#### [TASK BRIEF]
In the material below, the lines between the one holding "Аукционная programmatic-закупка (RTB)" and the one holding "По периметру снизу", inclusive, are to be set down word for word. Pictures stay out.

(Beginning of DATA RECORDS)

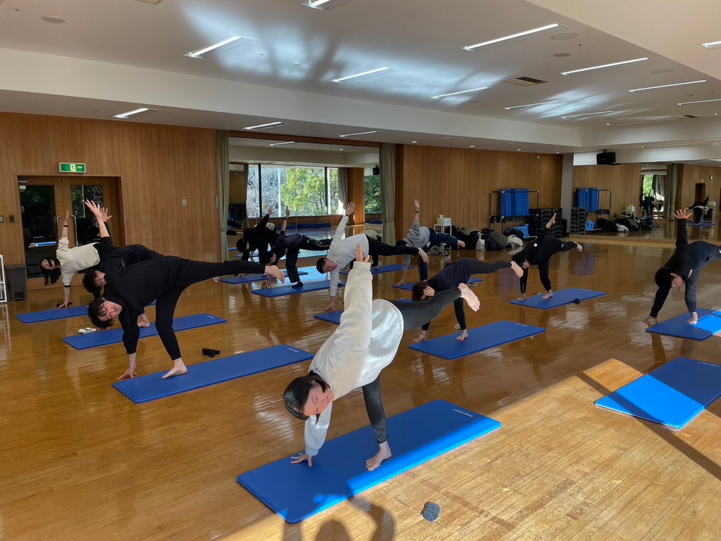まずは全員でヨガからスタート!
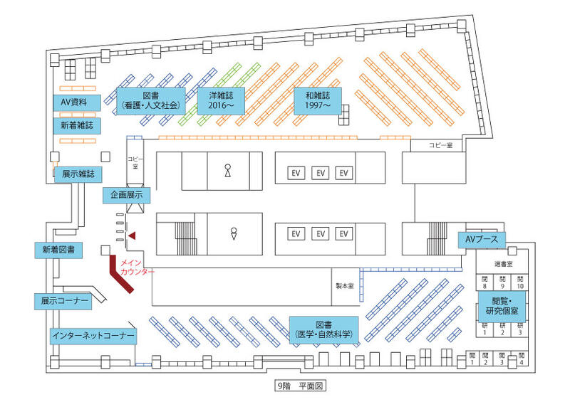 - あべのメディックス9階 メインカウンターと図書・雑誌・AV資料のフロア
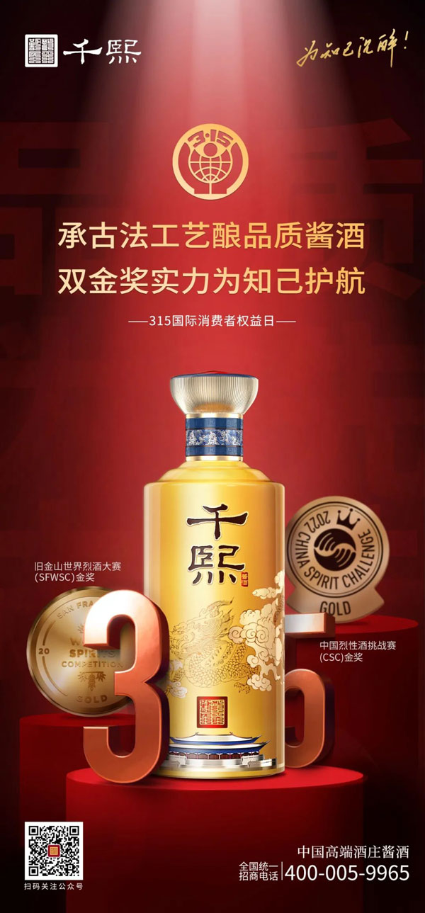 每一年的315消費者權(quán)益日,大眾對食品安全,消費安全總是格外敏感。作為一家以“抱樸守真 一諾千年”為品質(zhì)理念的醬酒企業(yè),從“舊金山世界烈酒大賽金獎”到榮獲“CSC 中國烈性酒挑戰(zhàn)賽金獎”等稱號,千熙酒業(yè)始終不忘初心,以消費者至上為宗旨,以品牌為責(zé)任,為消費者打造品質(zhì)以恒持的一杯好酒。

(End of DATA RECORDS)
(Beginning of DATA RECORDS)

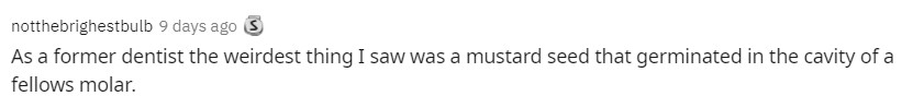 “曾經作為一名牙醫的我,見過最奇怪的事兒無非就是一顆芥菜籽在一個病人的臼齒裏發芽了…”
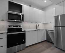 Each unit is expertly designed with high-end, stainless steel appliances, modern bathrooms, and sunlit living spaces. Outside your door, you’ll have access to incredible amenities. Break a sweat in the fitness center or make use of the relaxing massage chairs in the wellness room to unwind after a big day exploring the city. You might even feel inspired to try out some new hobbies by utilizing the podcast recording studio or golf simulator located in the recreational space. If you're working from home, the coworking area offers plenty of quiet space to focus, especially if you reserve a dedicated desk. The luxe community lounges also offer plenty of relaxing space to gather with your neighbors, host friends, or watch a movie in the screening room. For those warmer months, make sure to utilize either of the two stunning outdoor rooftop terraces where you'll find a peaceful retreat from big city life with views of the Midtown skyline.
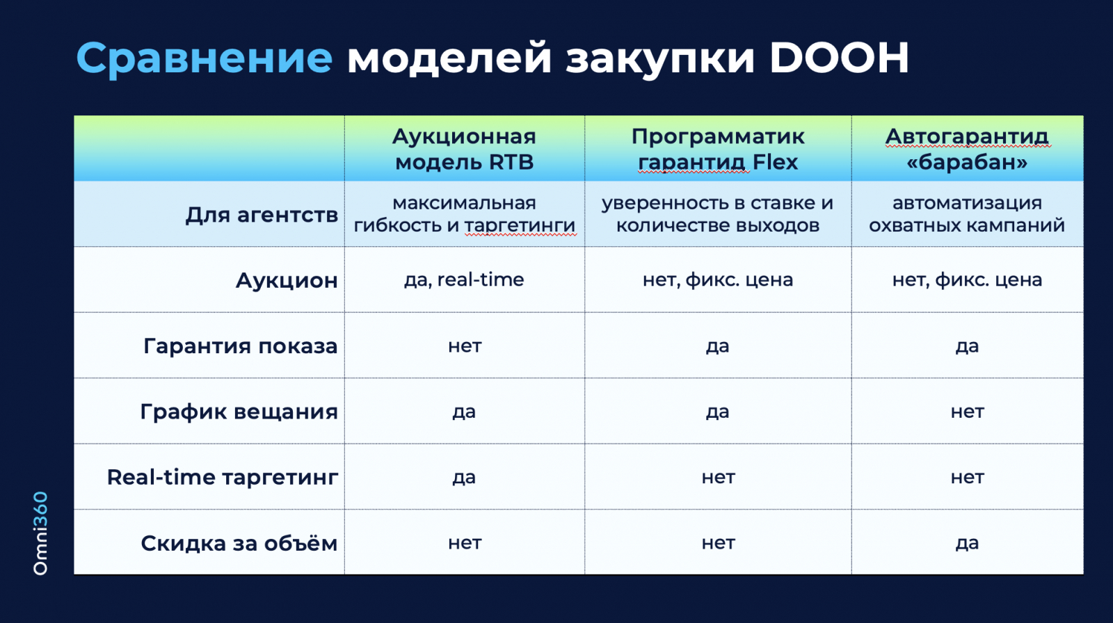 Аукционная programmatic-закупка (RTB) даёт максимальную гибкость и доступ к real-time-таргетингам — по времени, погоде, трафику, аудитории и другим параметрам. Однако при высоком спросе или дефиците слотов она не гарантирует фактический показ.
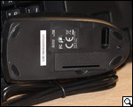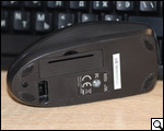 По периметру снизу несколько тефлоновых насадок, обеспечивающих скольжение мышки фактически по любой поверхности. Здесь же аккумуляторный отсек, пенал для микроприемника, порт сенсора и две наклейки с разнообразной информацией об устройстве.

(End of DATA RECORDS)

#### [REPLY TO THE TASK]
 Аукционная programmatic-закупка (RTB) даёт максимальную гибкость и доступ к real-time-таргетингам — по времени, погоде, трафику, аудитории и другим параметрам. Однако при высоком спросе или дефиците слотов она не гарантирует фактический показ.
 По периметру снизу несколько тефлоновых насадок, обеспечивающих скольжение мышки фактически по любой поверхности. Здесь же аккумуляторный отсек, пенал для микроприемника, порт сенсора и две наклейки с разнообразной информацией об устройстве.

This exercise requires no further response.